-- Opening Marker --

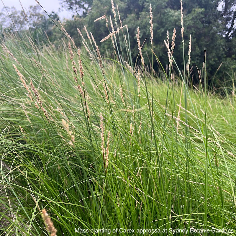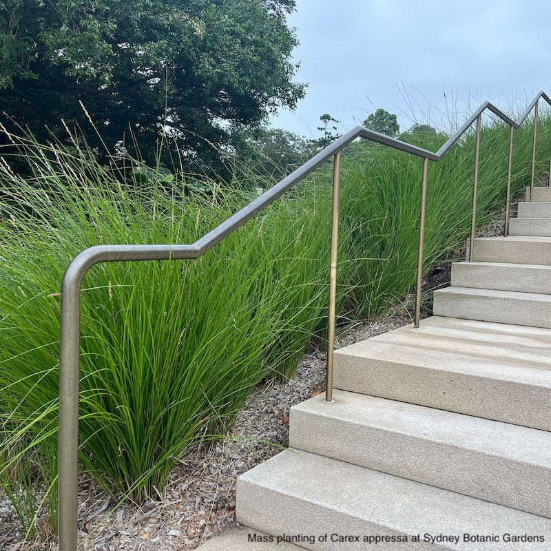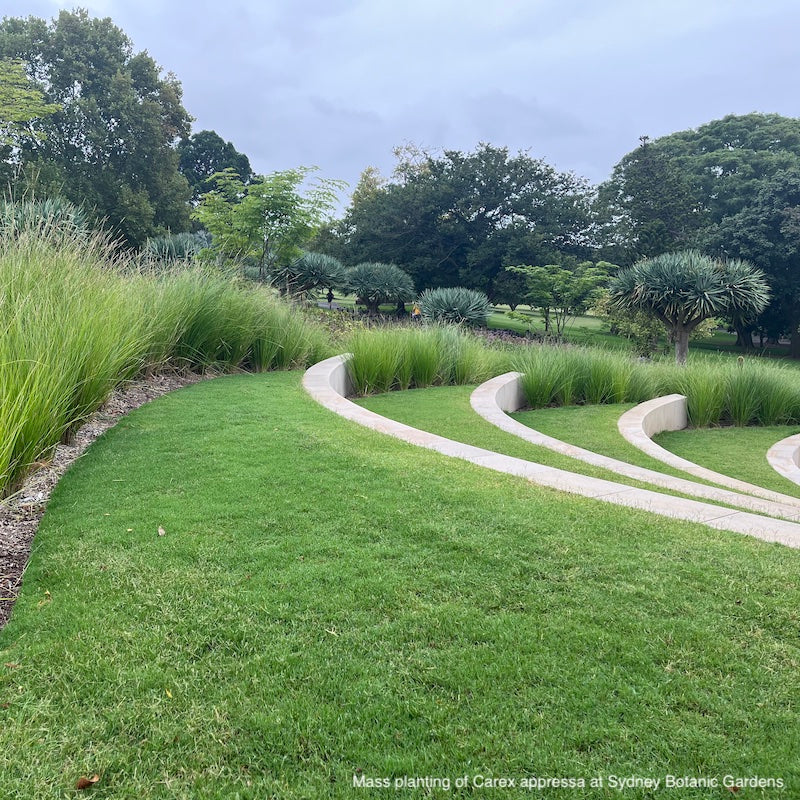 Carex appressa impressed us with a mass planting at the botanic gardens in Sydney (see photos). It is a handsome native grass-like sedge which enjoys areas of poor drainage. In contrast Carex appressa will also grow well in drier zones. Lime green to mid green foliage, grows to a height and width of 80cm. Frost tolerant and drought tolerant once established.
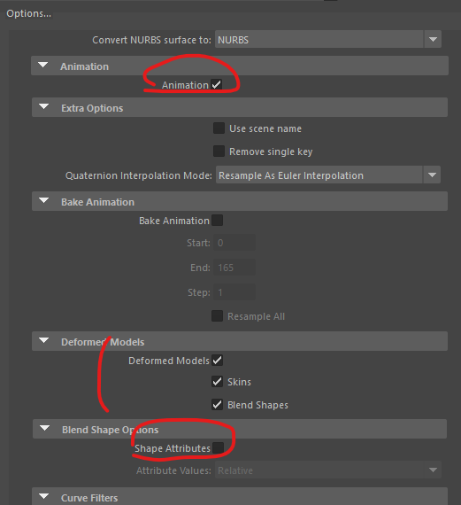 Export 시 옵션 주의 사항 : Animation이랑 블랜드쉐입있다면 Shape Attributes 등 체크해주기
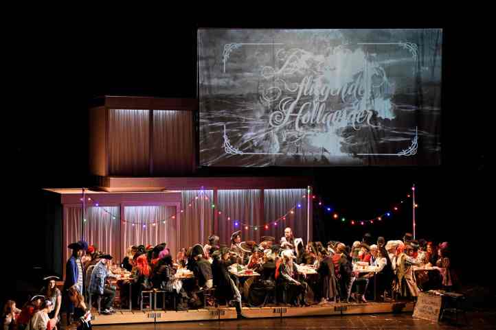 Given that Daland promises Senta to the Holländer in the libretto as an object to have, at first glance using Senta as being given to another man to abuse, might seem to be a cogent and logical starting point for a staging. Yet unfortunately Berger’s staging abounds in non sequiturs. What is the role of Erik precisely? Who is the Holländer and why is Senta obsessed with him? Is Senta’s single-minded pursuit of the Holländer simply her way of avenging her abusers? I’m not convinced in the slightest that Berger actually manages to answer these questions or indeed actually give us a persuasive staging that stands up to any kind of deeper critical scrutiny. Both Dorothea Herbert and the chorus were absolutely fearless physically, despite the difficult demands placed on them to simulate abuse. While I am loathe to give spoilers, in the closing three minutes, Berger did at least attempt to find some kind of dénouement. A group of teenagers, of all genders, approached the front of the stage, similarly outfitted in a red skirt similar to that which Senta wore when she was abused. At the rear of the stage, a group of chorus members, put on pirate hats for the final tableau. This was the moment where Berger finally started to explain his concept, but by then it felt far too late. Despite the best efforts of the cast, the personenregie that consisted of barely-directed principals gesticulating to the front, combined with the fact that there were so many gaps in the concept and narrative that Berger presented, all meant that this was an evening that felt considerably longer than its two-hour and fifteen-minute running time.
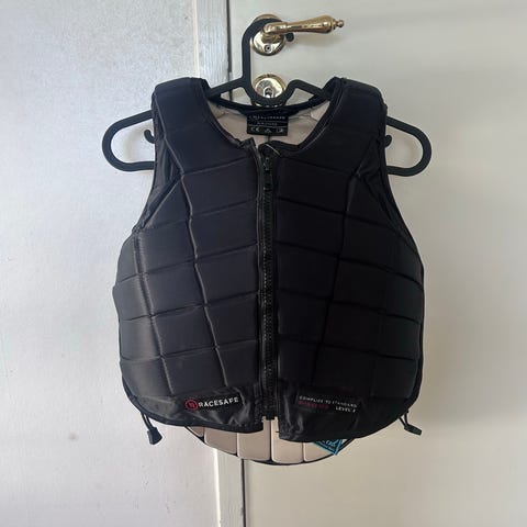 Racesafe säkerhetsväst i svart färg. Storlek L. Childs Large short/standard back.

-- Closing Marker --
-- Opening Marker --

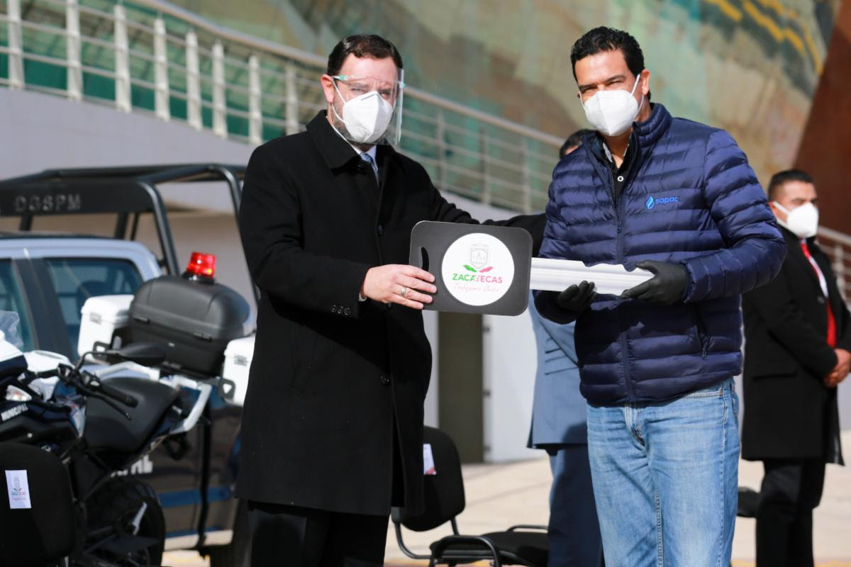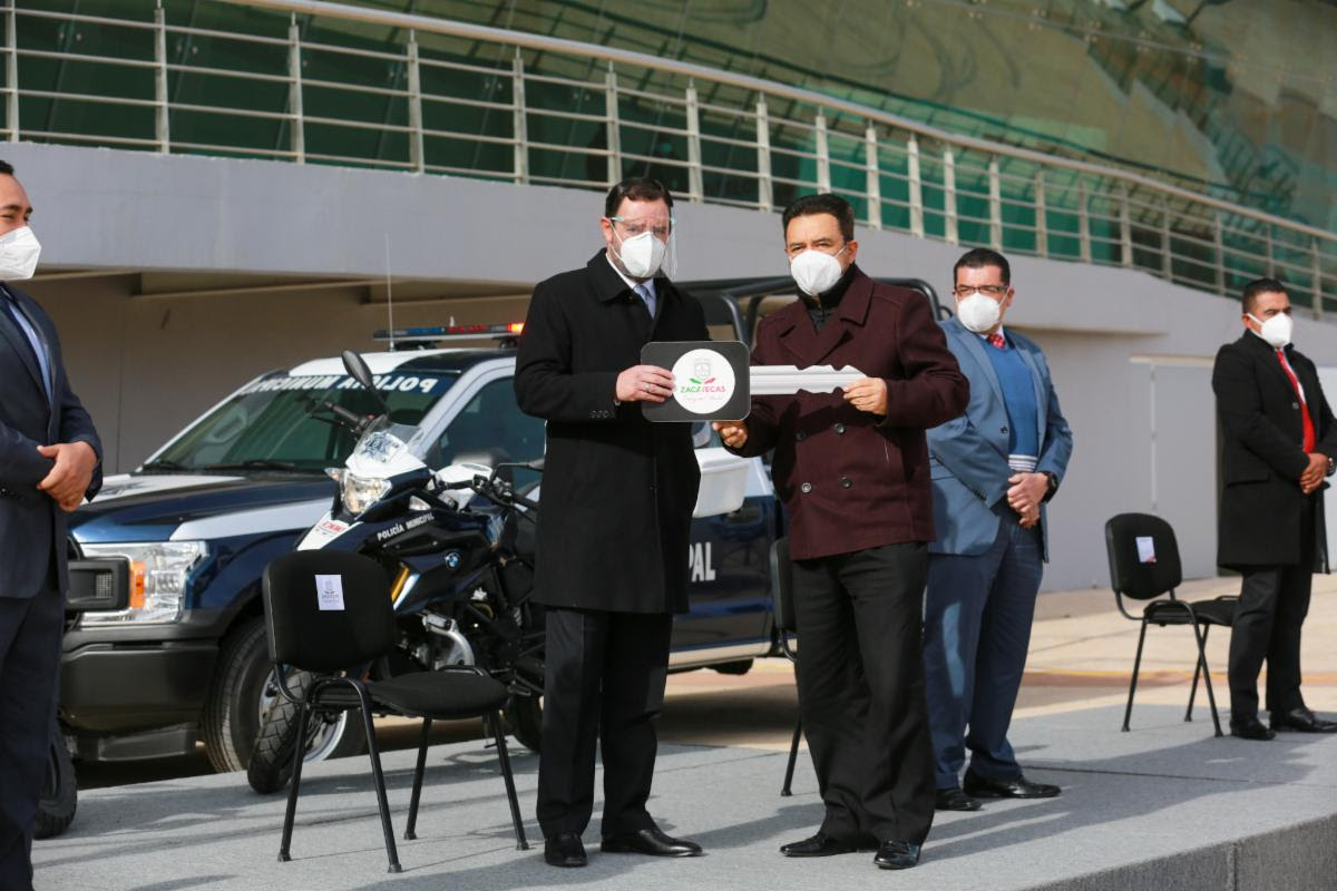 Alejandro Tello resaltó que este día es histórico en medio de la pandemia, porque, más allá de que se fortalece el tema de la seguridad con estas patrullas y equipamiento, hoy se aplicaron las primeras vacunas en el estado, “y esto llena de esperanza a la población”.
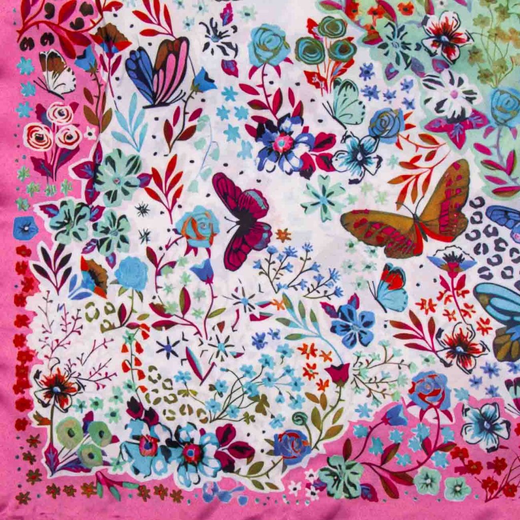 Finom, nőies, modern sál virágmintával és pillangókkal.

-- Closing Marker --
-- Opening Marker --

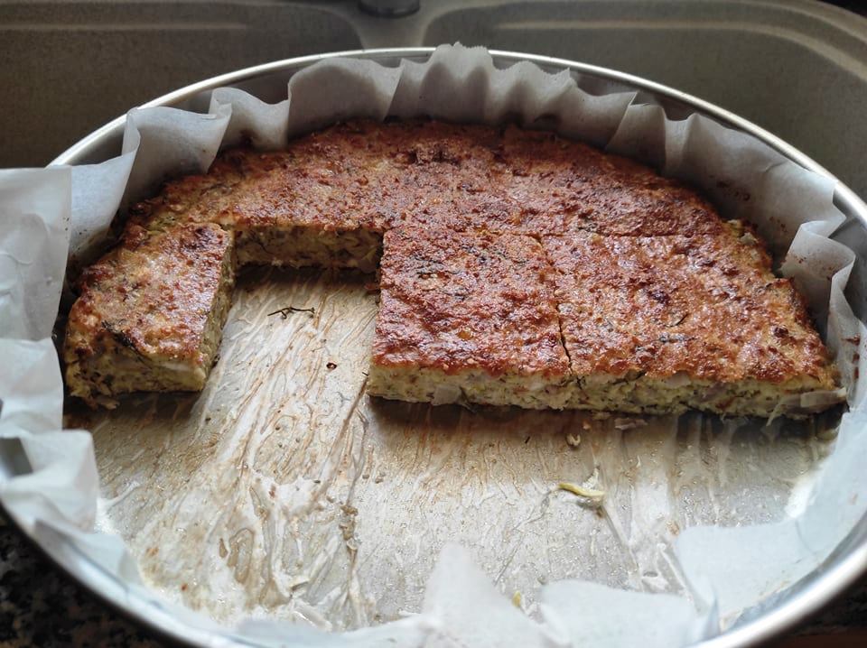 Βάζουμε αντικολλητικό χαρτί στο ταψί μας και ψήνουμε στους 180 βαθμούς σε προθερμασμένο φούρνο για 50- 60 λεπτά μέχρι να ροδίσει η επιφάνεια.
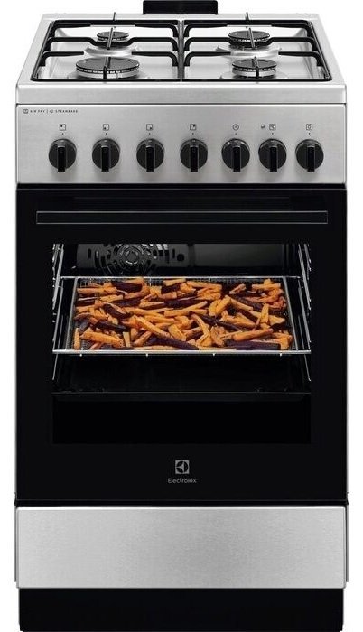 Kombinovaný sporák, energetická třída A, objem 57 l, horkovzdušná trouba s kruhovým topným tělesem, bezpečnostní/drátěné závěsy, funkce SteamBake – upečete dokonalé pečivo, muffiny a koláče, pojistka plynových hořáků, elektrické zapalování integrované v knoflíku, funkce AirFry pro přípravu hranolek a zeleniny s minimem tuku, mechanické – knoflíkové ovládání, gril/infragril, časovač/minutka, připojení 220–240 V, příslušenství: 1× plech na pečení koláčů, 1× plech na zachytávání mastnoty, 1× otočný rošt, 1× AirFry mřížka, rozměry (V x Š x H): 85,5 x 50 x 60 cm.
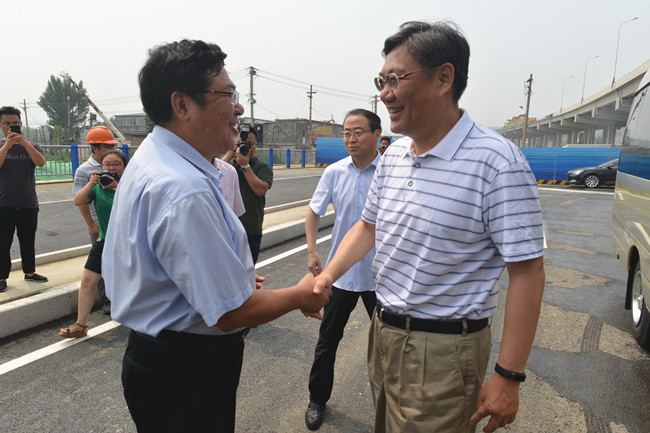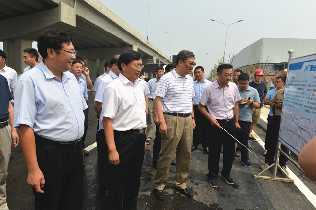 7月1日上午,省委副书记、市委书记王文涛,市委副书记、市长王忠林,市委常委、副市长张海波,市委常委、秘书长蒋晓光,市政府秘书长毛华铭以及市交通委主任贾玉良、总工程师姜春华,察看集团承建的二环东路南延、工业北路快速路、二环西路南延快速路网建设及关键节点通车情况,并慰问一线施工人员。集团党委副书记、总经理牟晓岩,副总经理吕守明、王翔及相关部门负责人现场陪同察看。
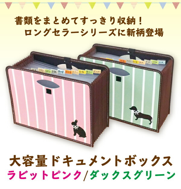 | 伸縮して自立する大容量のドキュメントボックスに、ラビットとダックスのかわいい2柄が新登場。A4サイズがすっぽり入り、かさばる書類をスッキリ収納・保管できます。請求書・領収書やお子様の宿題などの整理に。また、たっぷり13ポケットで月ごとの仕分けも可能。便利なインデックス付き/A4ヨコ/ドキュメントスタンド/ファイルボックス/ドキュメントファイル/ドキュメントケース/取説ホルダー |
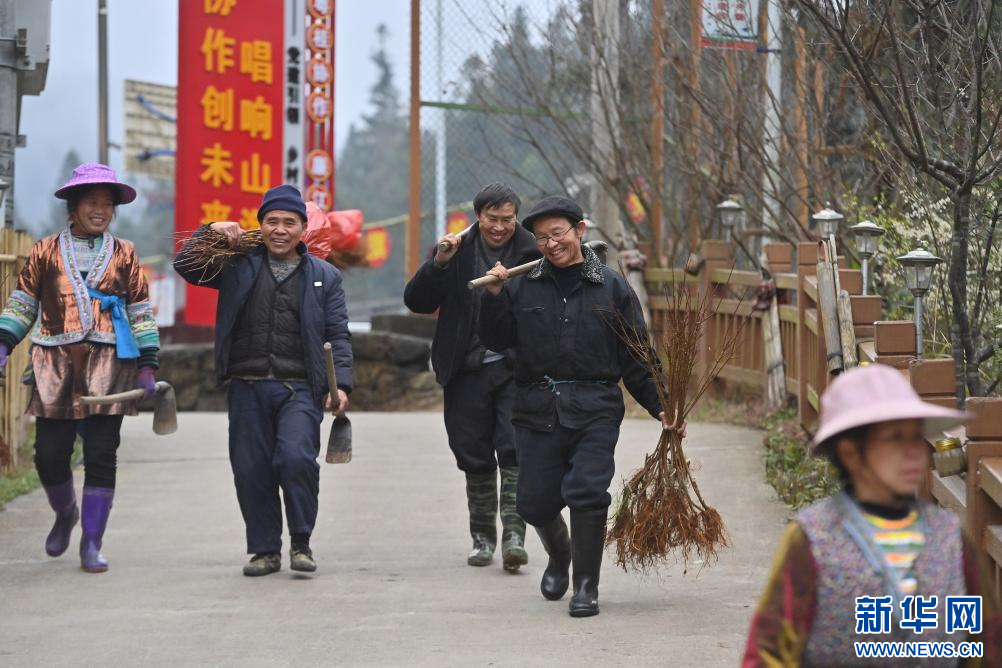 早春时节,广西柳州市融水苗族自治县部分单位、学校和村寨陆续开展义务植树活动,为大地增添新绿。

-- Closing Marker --

● TASK DIRECTIONS
Using the data above, which lines fall from the one with "Alejandro Tello resaltó" through the one with "Finom, nőies, modern"? Repeat them exactly, ends included, minus any pictures.

● COMPLETED EXERCISE
 Alejandro Tello resaltó que este día es histórico en medio de la pandemia, porque, más allá de que se fortalece el tema de la seguridad con estas patrullas y equipamiento, hoy se aplicaron las primeras vacunas en el estado, “y esto llena de esperanza a la población”.
 Finom, nőies, modern sál virágmintával és pillangókkal.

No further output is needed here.